• Julie Smith

Gardening in May

Keep it warm: keep an eye on the weather and temperatures (especially overnight) as you can have cold nights which might damage your new seedlings until late May. Protect your young plants with horticultural fleece and cloches if in any doubt. The last official frost date is the 25 May (I know, it's late!).


Transplanting your seedlings: once your seedlings have outgrown their first pot/ module, you need to transplant them either in a big pot to keep indoors if it’s too cold outside, or in their final growing space. When are your seedlings big enough to be transplanted? When they have 6 leaves: 2 primordial leaves (called cotyledon) and 4 true leaves, that look like adult leaves. If unsure, wait a bit longer.


Earth up your potatoes: Your spuds should start showing some nice green shoots. Make sure to earth them up to increase your yields. Not sure how? Check my video here.


Grow catch crops: If you are waiting for your main crops to start growing seriously (like potatoes, onion or broad beans), you can use the time before the plants get big to sow a few ‘catch crops’ of quick growing veg in between the existing plants. I particularly like cress, radishes.


Less is more: To avoid gluts later in the year, limit what you actually plant out. For example, squashes germinate well, and if you have excitedly planted 10 seeds (I have!), you probably have 10 seedlings by now. They take quite a bit of space to grow and will be very productive.
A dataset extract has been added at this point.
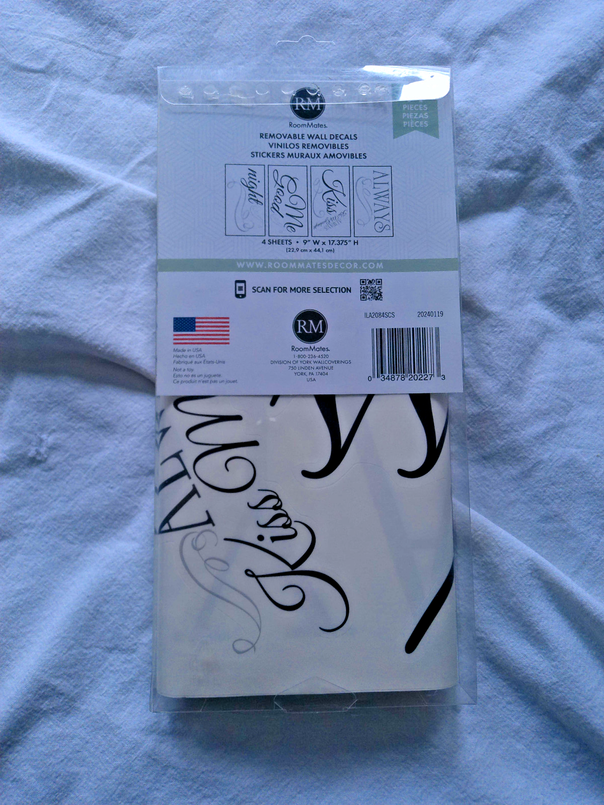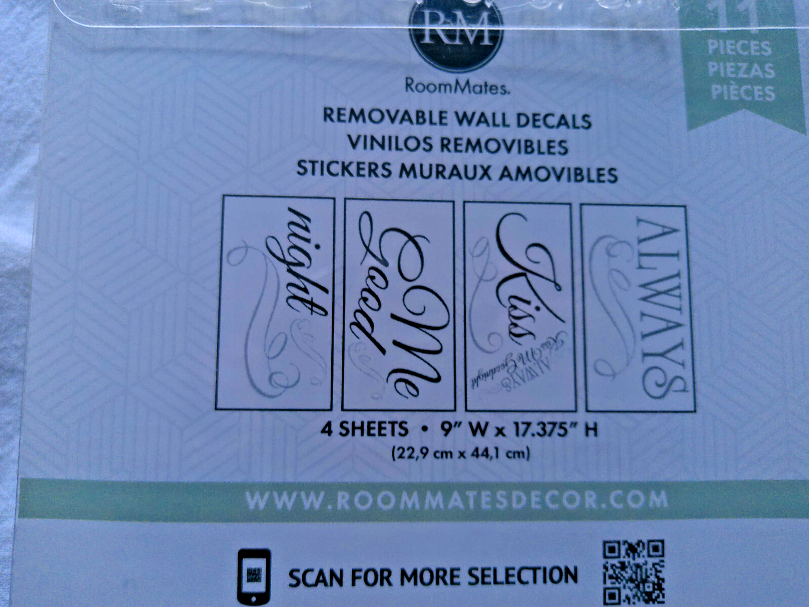 Always Kiss Me Goodnight 11 Pieces RoomMates Removable Wall Decals 4 Sheets 9" W x 17.375" H Made In USA Sealed RETURNS RULES: New With Tags items and Unopened Packages will not be send back once it is opened. If item arrive broken, you need to take photo of the damages to show me proof.

So you might not want to keep them all (unless you are a master at courgette bead, then go ahead). Swap your spare plants with fellow gardeners, friends and neighbours!
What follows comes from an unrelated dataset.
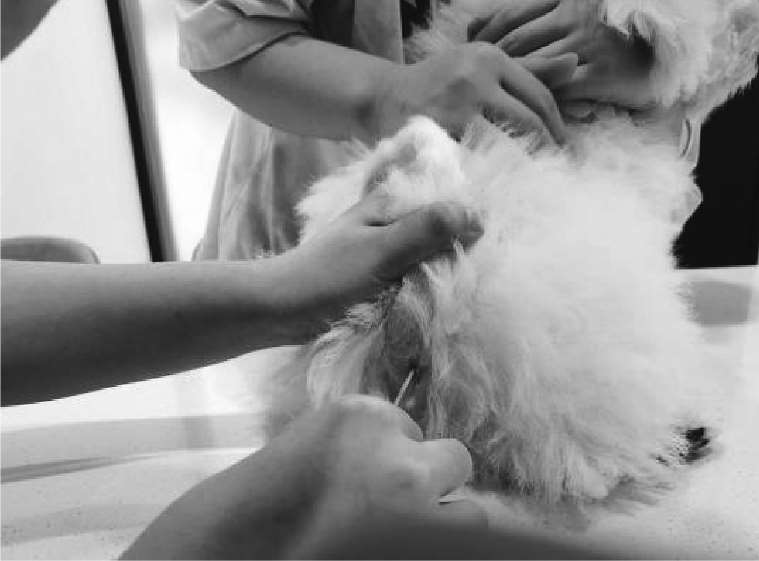 通过视诊和触诊,了解动物皮肤颜色、温度、湿度、弹性及疹疱等病变。

Companion plants: get a well rounded garden by planting a range of insect friendly flowers that will attract pest eaters while creating beautiful pops of colour in your veg patch. On my list are pot marigold, french marigold, sunflowers (the red ones are stunning!), anise hyssop and nasturtium.
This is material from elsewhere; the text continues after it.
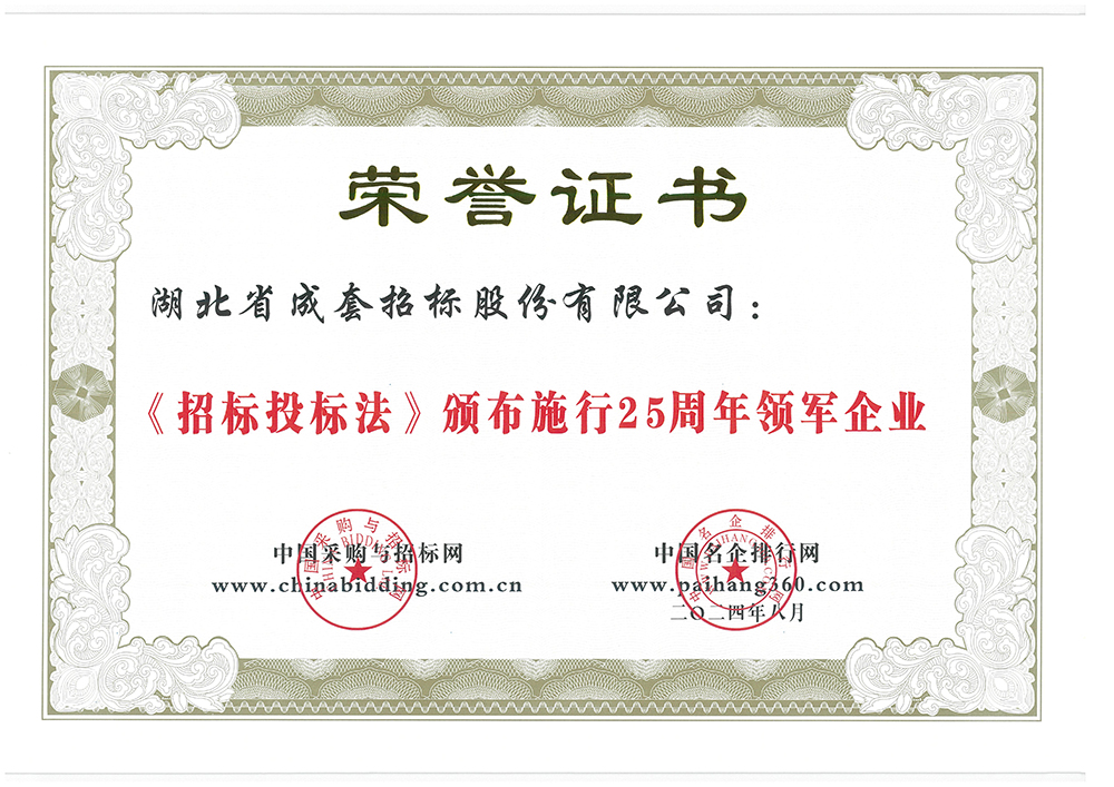 该评选活动在全国招投标领域具有广泛影响力。此次获奖是行业对公司在招投标领域深耕细作、守正创新的高度认可,也是对“湖北成套”长期以来践行国企担当、履行社会责任、推动行业发展的充分肯定。

Keep the competition at bay: spring is also the time when gardener pests reappear. Check your garden daily and manually remove aphids, and slugs and snails. You can manage aphids by using home-made garlic spray: 1 head of unpeeled garlic crushed + 1 litre of boiling water, cool down, drain through a cloth in a spray bottle. Use liberally on your crops. For bad slugs and snail attack, you can consider using nematode.